I’m once again a 3 velomobile owner. I’ve just completed a trade of the black Catrike 700 plus cash for a crashed standard DF velomobile. DF 141 had been involved in a crash about a year ago when it ran into the side of a car that turned into its path. The owner had repaired the resulting cracks and ridden it for the last year. The repairs were structurally sound but not pretty.

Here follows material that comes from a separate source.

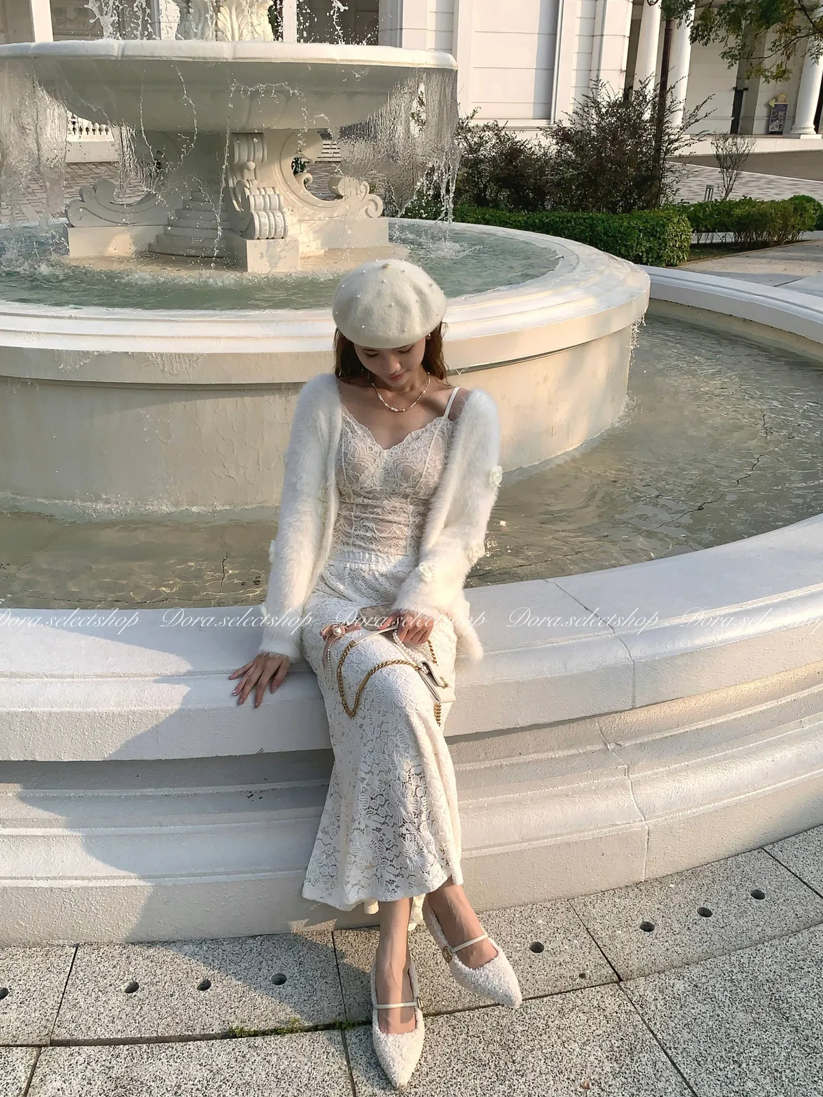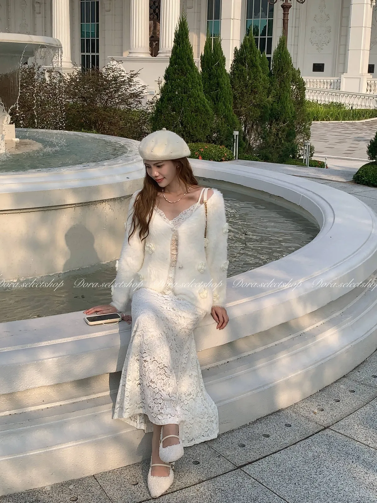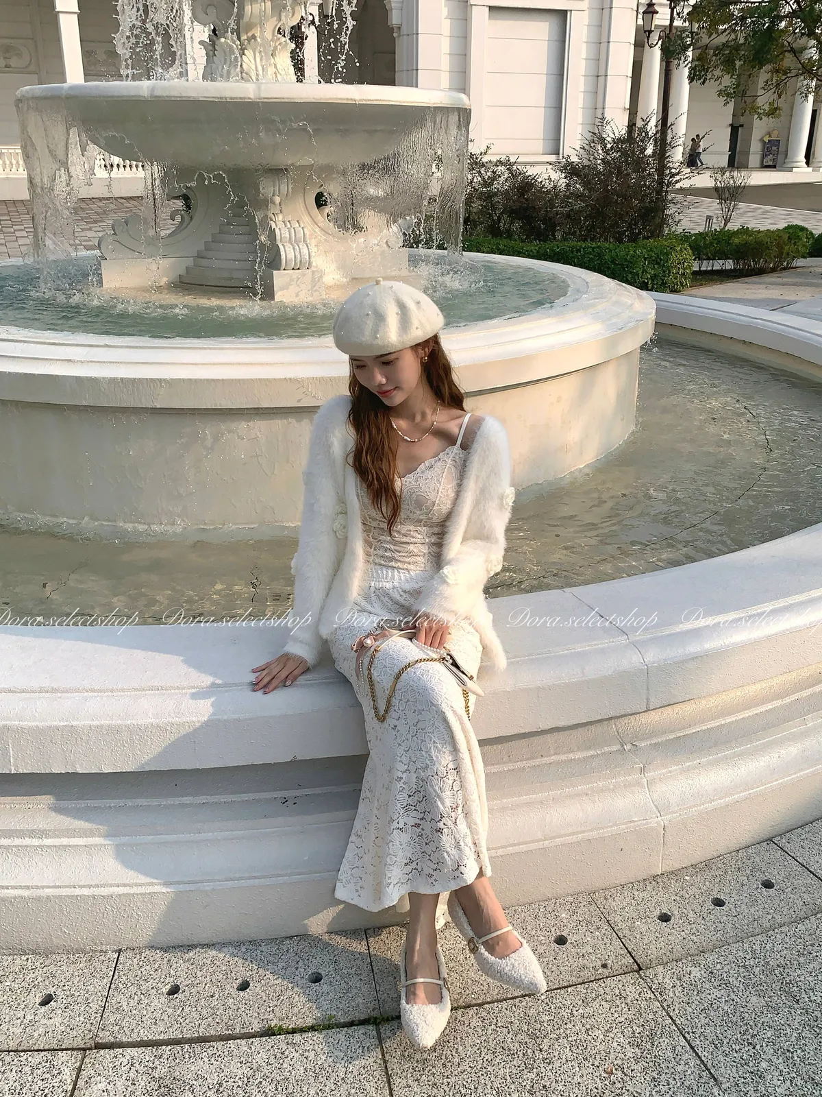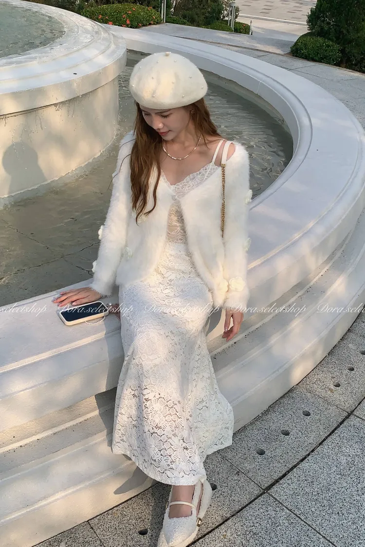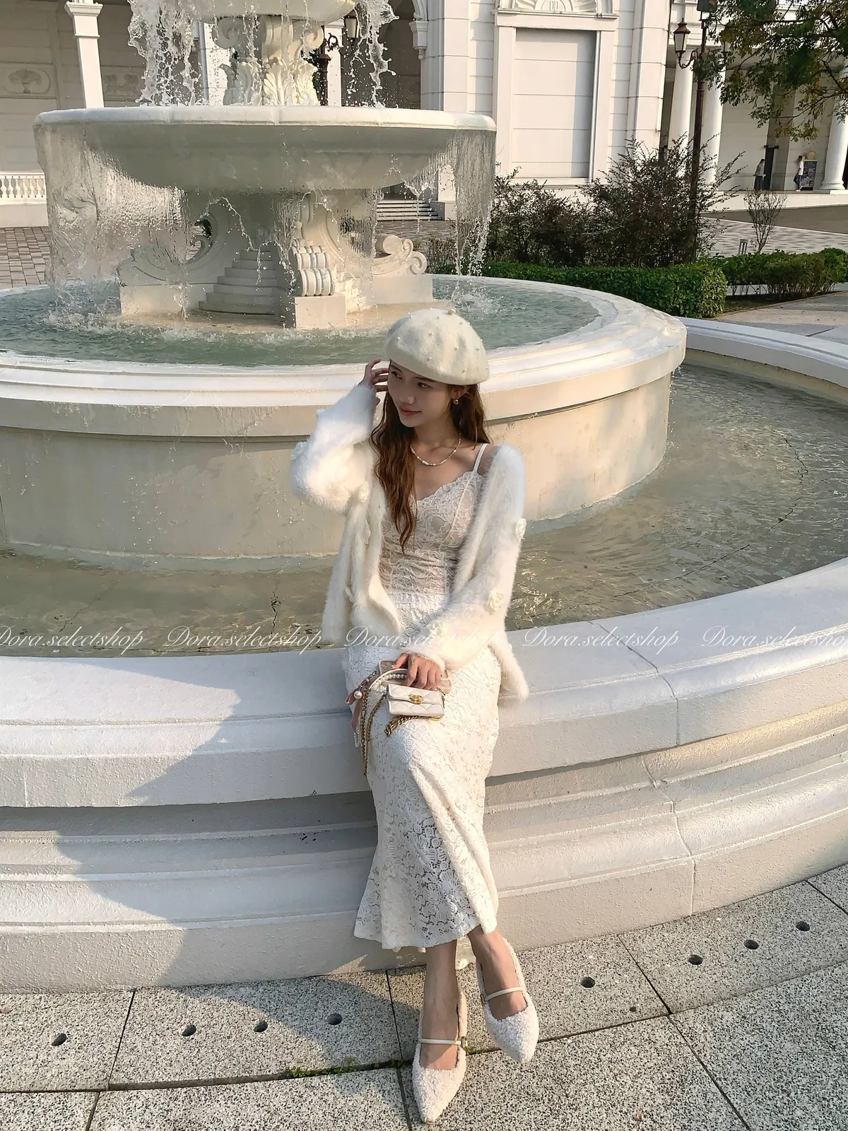 法式浪漫蕾絲罩杯背心(附罩杯)---米白

So why would I do this deal? Ever since I managed to squeeze into the tiny Milan SL, I wondered if I could downsize from my DFXL to a standard DF. A standard DF would have a smaller frontal area which could potentially be faster. My 700 spent most of its time hanging in the garage so it was time for it to go. The plan is to spiff DF 141 and see if I can comfortably ride it. If so, I’ll sell my DFXL. If it’s not comfortable, I’ll sell it and keep my DFXL
I’m pricing this Carbent Raven for a quick sale. I am the second owner of this bike. It has a fairly large frame. I would guess that it would fit a rider with 43″ to 47″ X-seam. It weighs 21 lbs with pedals. It shows that it has some miles on it but is in good mechanical and cosmetic shape. There is one exception – the carbon fiber seat has been patched on the face surface which is covered by the seat foam. (See the photo below). The seat seems structurally sounds but that hidden patch is not pretty. This bike is ready to ride today.
- Some Details
- FSA double crank with Q-Rings
- Terracycle Idlers
- SRAM chain with little elongation
- Mavic 700c wheels and hubs
- Bacchetta long handlebars
- New foam seat pad
- X-Eyed front brake, Bacchetta (?) rear brake
- Avid brake levers
- Shimano SPD pedals
Only days after I picked up the Carbent, I noticed a posting in Craig’s List for a Bacchetta Carbon Aero for $1000. It looked to be in near new condition. I had to check it out. So, I made the trip up to San Luis Obispo and bought it on the spot. It has some pretty high end components like a carbon fiber crank, Q-Rings and a carbon fiber seat. It is pristine.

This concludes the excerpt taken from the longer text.